Average hourly earnings for private-sector workers rose by only 0.2 percent in May, an annual rate of 2.4 percent. But prices are rising at almost double that rate, around 3.8 percent annually. So real wages are falling.
Even so, why is this relatively flabby economy producing jobs at this rate? The answer is that the federal deficit is now about $1.9 trillion, or about 5.9 percent of GDP. That’s close to double the 50-year average. In other words, the job creation is the result of pure Keynesian stimulus.

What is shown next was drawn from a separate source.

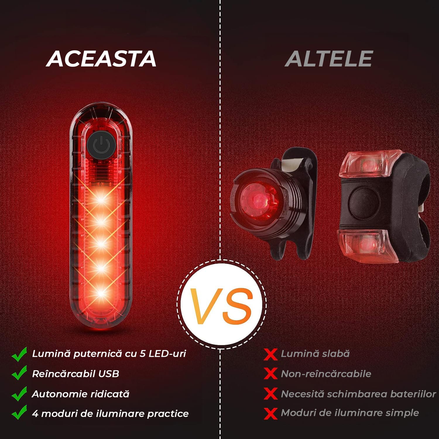 Set 2 Lumini LED Spate Bicicletă, Încărcare USB, 4 Moduri, Impermeabile IPX4, Negru

Unfortunately, it’s the wrong kind of Keynesian stimulus. It is driven almost entirely by tax cuts for the wealthy rather than public investment, which has been cut. And it’s not countercyclical, but it’s year in and year out, which means that it’s unsustainable. As the Fed raises interest rates, the cost of carrying all that debt will become its own drag on the economy.
There was a time when Republicans, as fiscal conservatives, might have objected. But the Republican Congress keeps on rubber-stamping Trump’s budget deficits with nary a word of protest.
The tax cuts, which put more money into the pockets of wealthy investors, also interact nicely with the stock market bubble. All of which suggests that when the crash does come, it will be a doozy.